A change in scenery yields a variety of landscapes in one day

Last Monday dawned with the promise of a nice day. The cover of rain clouds and other forms of precipitation had seemed to evaporate and all that was left was the blue sky, marred only by the lazy entry of puffs of cirrus, wending their way in the direction to which the slight breeze was taking them.

Actually, marred is the wrong term. The presence of these clouds seemed to enhance the intensity of the blue, something that is very acceptable at this time of year.

That morning we sat on our deck marveling at these positive attributes of nature. It is mornings like this that make us contented to be around and to be able to be a part of our patented scheme, even though it was given to us by some other hand.

There were others around who seemed to be engulfed in the tranquility of the moment. These were the birds that had come out of their temporary hiding places, some singing, others chirping and the rest just making the raucous, but acceptable tones of their characteristic intonations, looking, I suppose, for that early worm or other morsel that might be laying about.

Even my favorite raven, Henry - or one of his brothers - made his presence known, swooping about the back yard as if it were his own private air drone. To paraphrase the poet, God is around and all's right with the world.

Our previous weather condition that has deposited nearly 12 inches of rain in our valley is largely responsible for the plethora of growth and greenery in the backyards of the valley, ours being no exception. As I looked about it I recalled that most of the permanent vegetation lending splendor to our garden was at the hand of my wife, Zula.

In the more than 50 years that we have lived here she, more than anyone else, is responsible for most of the growth. For example, she put in the Pride of Madera plant when it was scarcely six inches high. Today it covers an area six feet across and boasts more foliage than it ever had. The large spears of blue, pointing majestically skyward and measuring a good 10 inches, number in the hundreds and dominate the garden area. Not to be outdone the smaller rosemary bushes that adjoin the Maderas, are vying for attention, growing their own buds of blue in competition. They will never attain that stature but they, nevertheless, try.

While looking at my greenery I was thinking of our jaunt to the backcountry a couple of days before. My son David had dropped in for a few days and the lure of a ride came quickly to mind.

He had one of those comfortable SUV's hence I could settle in for a pleasant journey. It had been sometime since I had been in the vicinity of Boulevard that "metropolis" of sorts that lies out there to the East nearly to the end of Highway 94, or, what we used to call, the old Campo Road.

On the way we, of course, stopped at some of those way stations, the railroad station at Campo being one of them. We hoped to see the train depart on one of its weekend jaunts but missed it. It was out chugging along with a group of railroad enthusiasts, happy for the adventure.

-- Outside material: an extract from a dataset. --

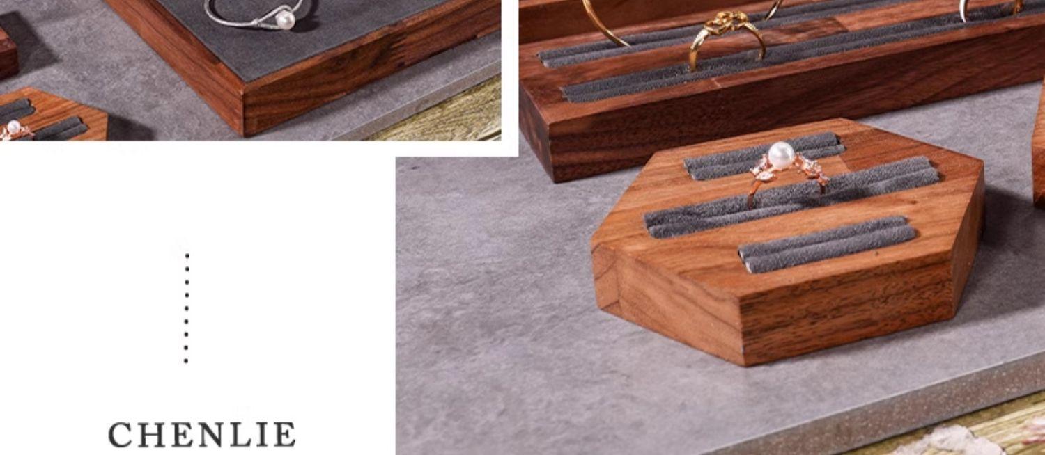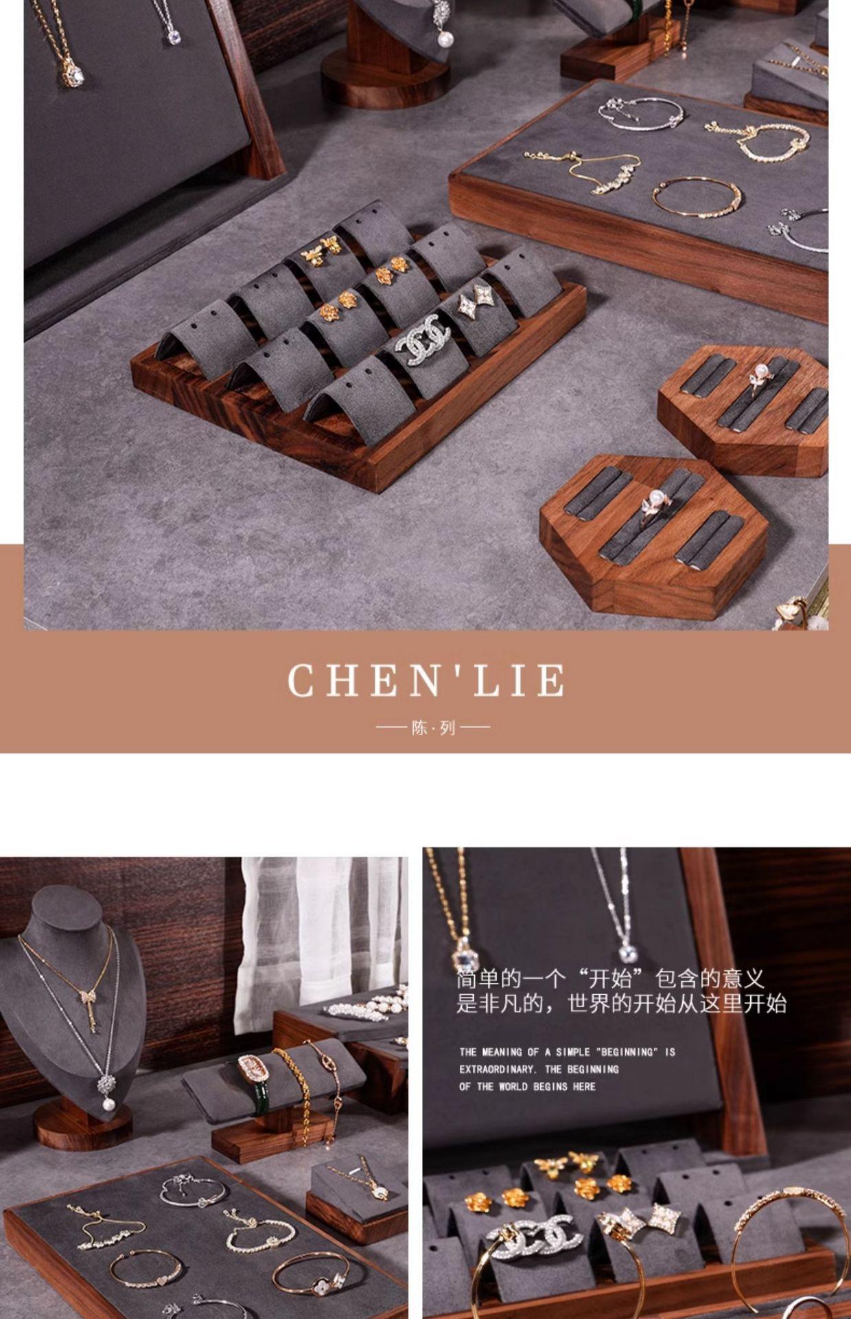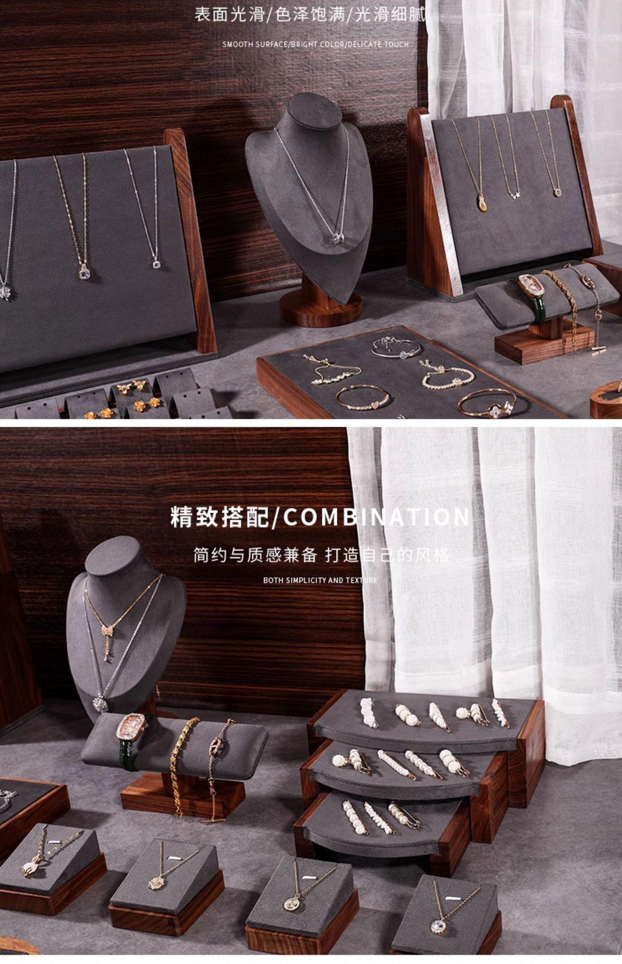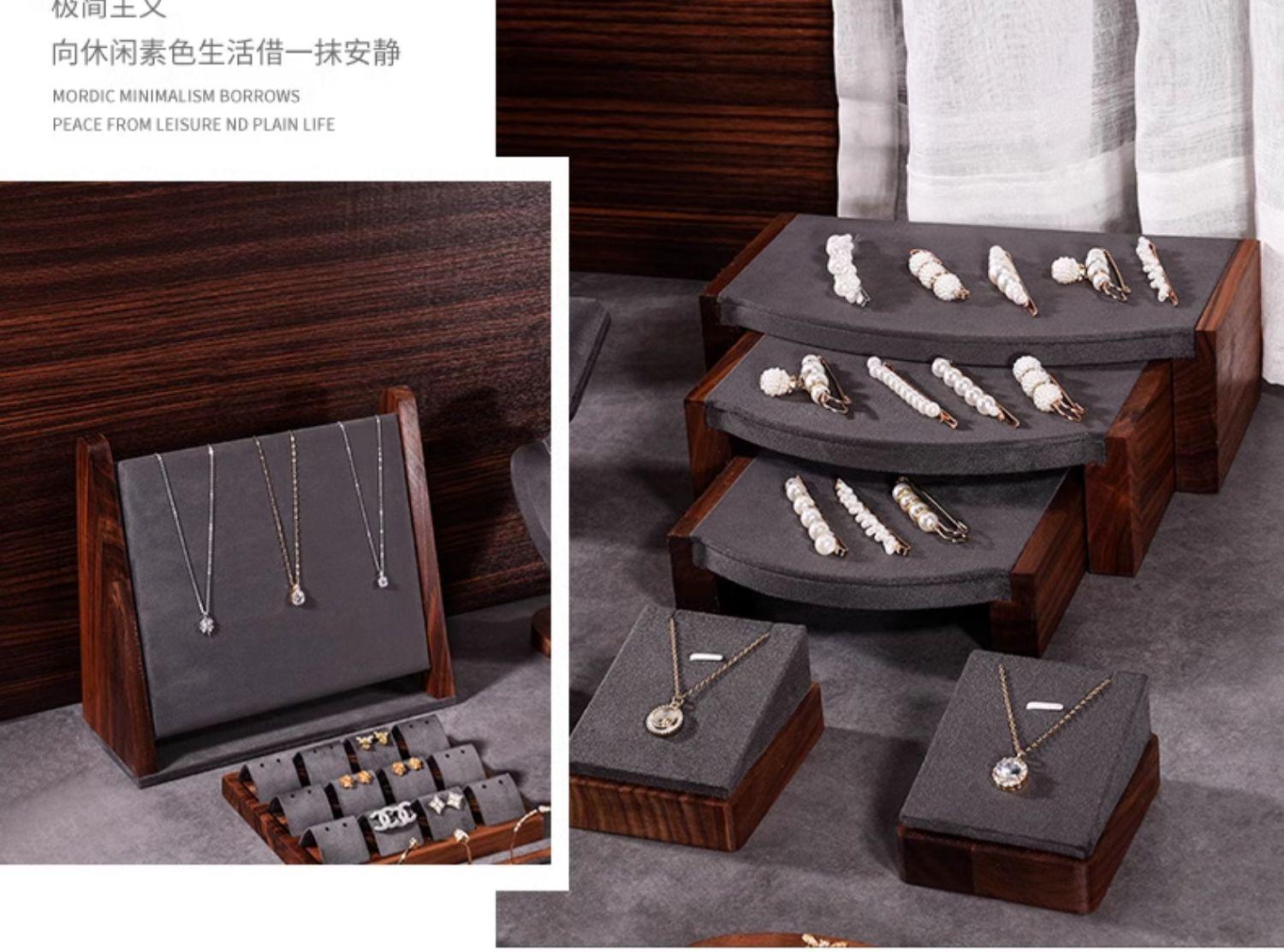 Walnut single bracelet stand dark gray, Walnut beveled necklace stand dark gray, Walnut small model dark gray,...

We wended our way home on the old Highway 8, that is, on the parts of the road that are still there. If you will recall in years past that was the only way out of San Diego if one were going east. There is many a time that we used to pack the kids in the car along with enough clothing and such to start a Thrift Store and head to Texas and Alabama and points beyond. Ah, but that is a different story. This time we were content to call it a trip with only two more stops.

One of these was at the Kitchen Creek Campgrounds, one of the many county parks in our area. This one has running water in a creek and is set in a cluster of live oak trees.

Our final stop was at Alpine. We had to have that mandatory late breakfast stop at Major's. While enjoying our meal we observed sunshine, rain, hail and what looked like snow. The changes in the weather sort of capped off a perfect trip.